BEGIN

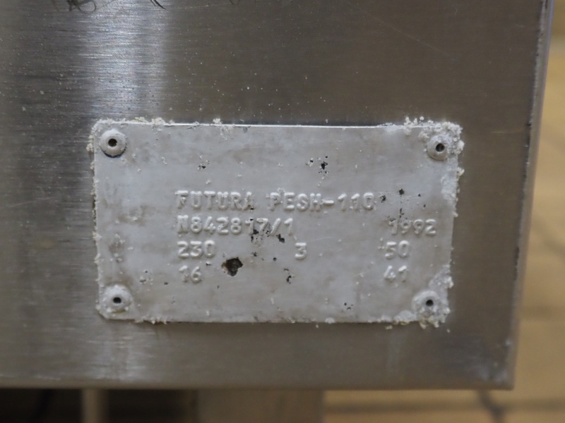Metos roasting pan, model: Futura Pesh-110, number: 842817/1, year of construction: 1992, 230 V, 3 Ph, 50 Hz, inside dimensions: 1040 mm x 580 mm x 85 mm, total dimensions: 1100 mm x 800 mm x 1000 mm.
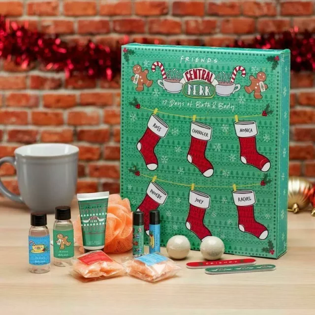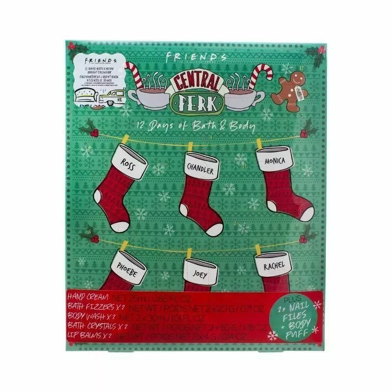 Diätvariante des Adventskalenders, aus dem nicht jeden Tag eine Schokolade, sondern Badeartikel fallen, die vor allem Fans der Serienhits Friends erfreuen werden. Sie können sich auf Körpermilch, Badesalze, Balsame und weitere Geschenke mit Thematik aus der Serie freuen.Hersteller: Paladone
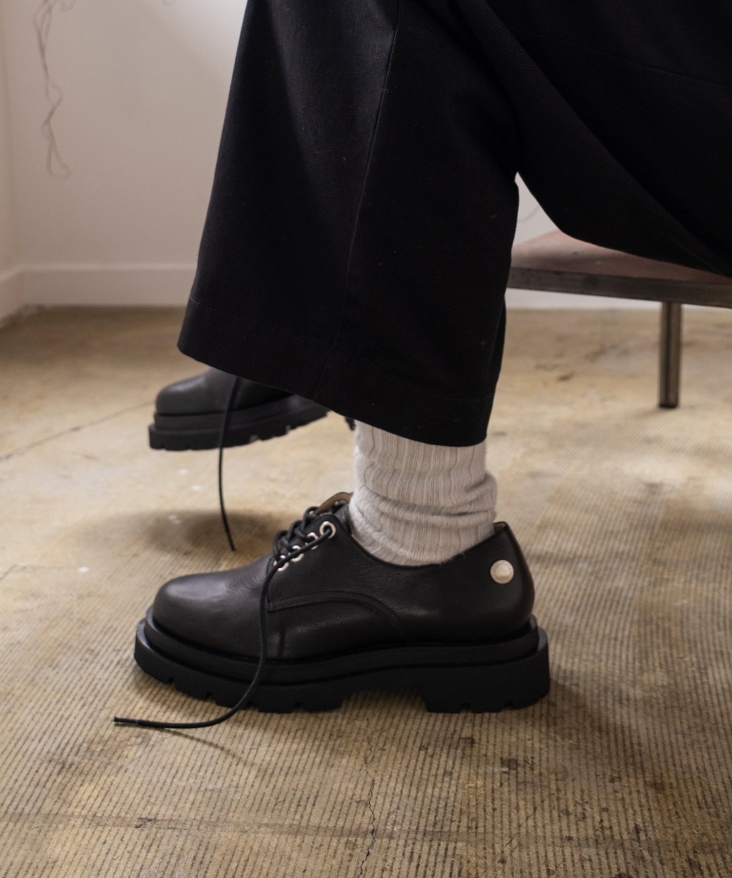 デザイン ベーシックなポストマンシューズをアップデート。 ダブルソールのカジュアルさと、しなやかなトゥのバランスが良く、どんなアウトフィットにも合う一足に。 今回のリリースではインド産の高級カウレザーを使用するほか、ライニングをピッグスキンからカウレザーに変更。 さらに踵部分に刻印入りのボタンをつけるなど大幅にアップデートしました。 ロウビキの丸紐とシルバーチップの付いた平紐の2種類のコットンシューレースが付属します。 セメント製法 *ヒール部分に小穴がありますが、こちらは不良ではなく手作業での靴作りの過程で生じるものです。予めご了承ください。 *普段のサイズの1サイズ下のサイズをお選びいただくことをおすすめします。 メーカー品番:25FW8003 -SimplyComplicated- Simple(単純、シンプル)な要素の中にComplicated(複雑、入り組んだ)な要素を取り入れるというコンセプト。 トレンドの移り変わりが激しい現代のファッション業界においても、ブランドのチームメンバーが「本当に欲しいもの」「長く大切に着られるもの」は何かを企画し全てのアイテムをジャパンメイドに拘って生産。 市場には古着のように何十年にも渡って、数々の人の手に渡り愛される洋服が存在するように、SCの洋服も1年限りで着なくなってしまうようなものではない、ずっと着られるシンプルな洋服でありながら、唯一無二で複雑な要素を兼ね備えたデザインで10年、20年と何十年にも渡って人々に愛される洋服を世界に誇れるジャパンメイドクオリティで製作し日本だけでなく世界に向けて発信することがブランドのモットー。 ※店舗と在庫を共有しておりますので、受注確認メールが届いてもご注文のタイミングによりましては売り切れになる可能性がございますので、予めご了承ください。 ※商品の色味につきまして、撮影環境、お客様のお使いのPCのモニター環境により実際のカラーと画像の色味が違って見える場合が御座います。

END

Without any pictures, write out the lines running from the one containing "Diätvariante des Adventskalenders, aus" through the end of the listing above, both included, exactly as given.

 Diätvariante des Adventskalenders, aus dem nicht jeden Tag eine Schokolade, sondern Badeartikel fallen, die vor allem Fans der Serienhits Friends erfreuen werden. Sie können sich auf Körpermilch, Badesalze, Balsame und weitere Geschenke mit Thematik aus der Serie freuen.Hersteller: Paladone
 デザイン ベーシックなポストマンシューズをアップデート。 ダブルソールのカジュアルさと、しなやかなトゥのバランスが良く、どんなアウトフィットにも合う一足に。 今回のリリースではインド産の高級カウレザーを使用するほか、ライニングをピッグスキンからカウレザーに変更。 さらに踵部分に刻印入りのボタンをつけるなど大幅にアップデートしました。 ロウビキの丸紐とシルバーチップの付いた平紐の2種類のコットンシューレースが付属します。 セメント製法 *ヒール部分に小穴がありますが、こちらは不良ではなく手作業での靴作りの過程で生じるものです。予めご了承ください。 *普段のサイズの1サイズ下のサイズをお選びいただくことをおすすめします。 メーカー品番:25FW8003 -SimplyComplicated- Simple(単純、シンプル)な要素の中にComplicated(複雑、入り組んだ)な要素を取り入れるというコンセプト。 トレンドの移り変わりが激しい現代のファッション業界においても、ブランドのチームメンバーが「本当に欲しいもの」「長く大切に着られるもの」は何かを企画し全てのアイテムをジャパンメイドに拘って生産。 市場には古着のように何十年にも渡って、数々の人の手に渡り愛される洋服が存在するように、SCの洋服も1年限りで着なくなってしまうようなものではない、ずっと着られるシンプルな洋服でありながら、唯一無二で複雑な要素を兼ね備えたデザインで10年、20年と何十年にも渡って人々に愛される洋服を世界に誇れるジャパンメイドクオリティで製作し日本だけでなく世界に向けて発信することがブランドのモットー。 ※店舗と在庫を共有しておりますので、受注確認メールが届いてもご注文のタイミングによりましては売り切れになる可能性がございますので、予めご了承ください。 ※商品の色味につきまして、撮影環境、お客様のお使いのPCのモニター環境により実際のカラーと画像の色味が違って見える場合が御座います。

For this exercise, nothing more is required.